What? Spinach doesn't scream fairies to you?
Ilana's No Fail Beatmalls
• 2lbs organic, pastured ground beef
• 3 pastured eggs
• 1 cup oat bran (you could use breadcrumbs but we're trying to go easy on the wheat around here)
• 2 tsp sea salt (table salt will kill you. No, really, it will.)
• 1 tsp cumin
• 2 cups assorted, shredded or finely processed veggies such as spinach, carrots, parsley, zucchini
Mix up all the above in a big bowl. The best way to do this is to use your hands. This way you can also judge if the consistency is right and if the mixture is likely to form ball shapes.
Form the mixture into balls, any shape you prefer. For the little ones, the smaller the better. When I told Phoenix I was making meatballs she said she wanted mouse meatballs, which I took to mean she wanted them tiny. Done and done.
In a large pan, add beef or chicken stock (the best kind is SO easy to make and so incredibly nourishing. Did you know the store bought kind is completely loaded with MSG and contributes next to nothing towards your health? Seriously, check the above link and stock up. So so easy.) to cover the bottom, to about 1/4" depth. Heat this so that it's simmering nicely. Add meatballs.

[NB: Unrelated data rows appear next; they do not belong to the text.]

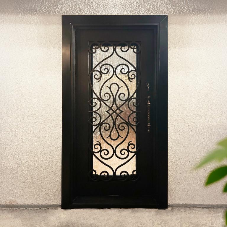 | FLORENCE RH WROUGHT IRON Style 42 X 81 RIGHT HAND INSWING DARK COPPER Color RAIN Glass STEEL Material PULL HANDLE #019 SIROCCO - D109 - ORB - SINGLE CYLINDER SINGLE SQUARE TOP Mediterranean, Spanish, Italianate Style solid, Residential, Commercial (Pull Handles and Locks are price separately) | |
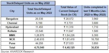 * Bengaluru saw over 3,960 units completed in the period. Currently, the city has approx. 26,030 stuck/delayed units worth over Rs 28,072 cr. In 2021-end, it had approx. 29,990 stuck/delayed units worth Rs 32,345 cr.
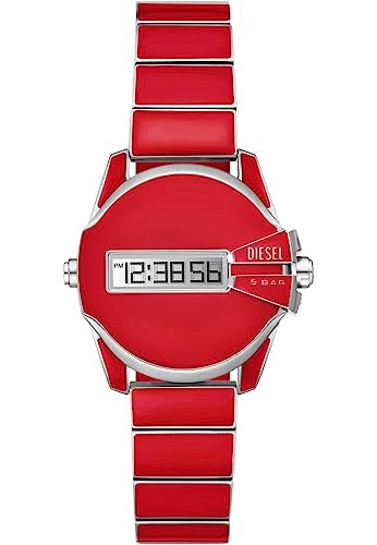 Diesel Master Chief Montre pour Homme, Mouvement Digital avec Bracelet en Silicone, Acier Inoxydable ou Cuir, Rouge et Noir, 44mm

Cover and cook for about 15 minutes, or until meatballs are cooked through.
That's it, that's all! I serve this with plain rice and some sort of veggie, whatever I happen to have had delivered that week in my CSA basket.

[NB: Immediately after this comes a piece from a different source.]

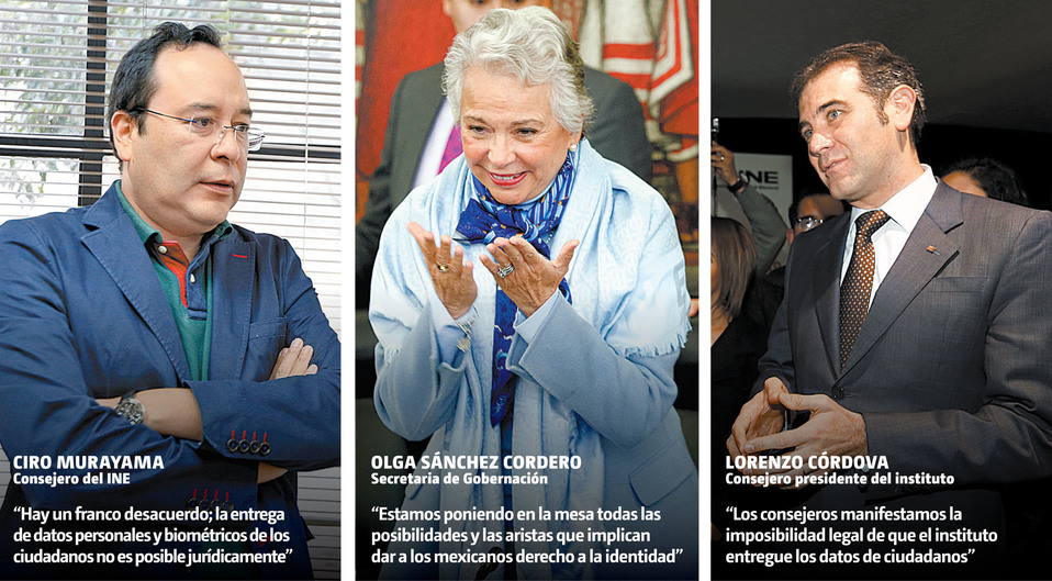 Los consejeros del INE rechazaron entregar a la Secretaría de Gobernación datos biométricos de los mexicanos inscritos en el padrón electoral para crear una cédula de identidad. Ayer acudieron a la dependencia a un encuentro con Olga Sánchez Cordero.

If you make these meatballs, please let me know what you added or changed and how they worked for you!






I'm so glad to hear you are into "Real Food". ;) I'd love to try this recipe but we are on GAPS and thus grain free.. any substitution ideas for the oat bran or breadcrumbs? I think without they might be drier? We make our own broth all the time, yum!

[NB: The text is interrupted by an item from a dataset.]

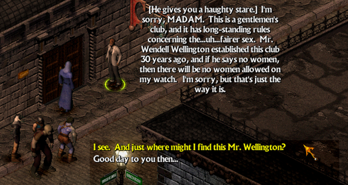 “Пробачте, ПАНІ. Це джентльменський клуб, і у нього є давні традиції щодо… ем… прекрасної статі”. Скріншот Lilura1
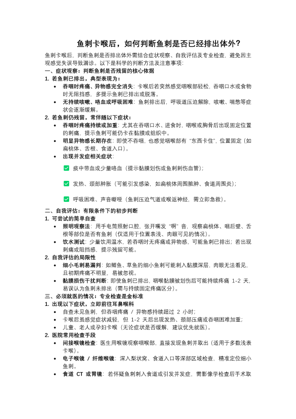 鱼刺卡喉后,如何判断鱼刺是否已经排出体外?

Posted by: Sonia | September 06, 2011 at 08:00 PM
Morning Sonia,
I'm so glad I'm into Real Food too! It's actually always been a philosophy that has resonated with me, but I spent so much time on social media that I didn't feel I had the time to cook...very very sad.
I've put some thought into GAPS friendly alternatives. I don't think any of the substitute flours, such as coconut or almond, will cut it. What I did think of, though, was maybe lima bean puree. I think this would make for SUPER moist meatballs. In that case, what I'd do is cut back on an egg, because it will be too mushy to hold together as balls. And I would only use maybe half a cup to start, and see if you feel you can add more. I'll try it out next time I make these and you try it too and let me know how it goes!
Posted by: A Jaded Mama | September 07, 2011 at 09:46 AM
That's a good thought, I'll have to give it a try!
Posted by: Sonia | September 07, 2011 at 02:03 PM
my aunt makes her meatballs with chic pea flour, which is just ground up dry chic peas. So yummy. i make mine very similar to yours. along with the cumin i add a pinch of nutmeg as well. and tumeric bc we are moroccan, and everything has to be yellow. i tried adding veggies before, but the kids saw through it and wouldn't eat them. but with the chic pea flour instead of bread or bread crumbs, i'm happy.
Posted by: Rachel | September 09, 2011 at 03:09 AM
Rachel, that sounds awesome! I'd thought about the chickpea flour but they aren't allowed on the diet Sonia is on :( In the meantime, I tried to make chickpeas from scratch to roast them and FAILED. Can you believe it? How hard can they be??
Posted by: A Jaded Mama | September 09, 2011 at 04:09 PM
Ok I made them and they were delish! I used 1/2c of lima bean puree. I also added some thyme and oregano. (Veggies I used were Kale, cauliflower and carrots.) Also, they work well without eggs! (Only because I forgot to add them, opps!)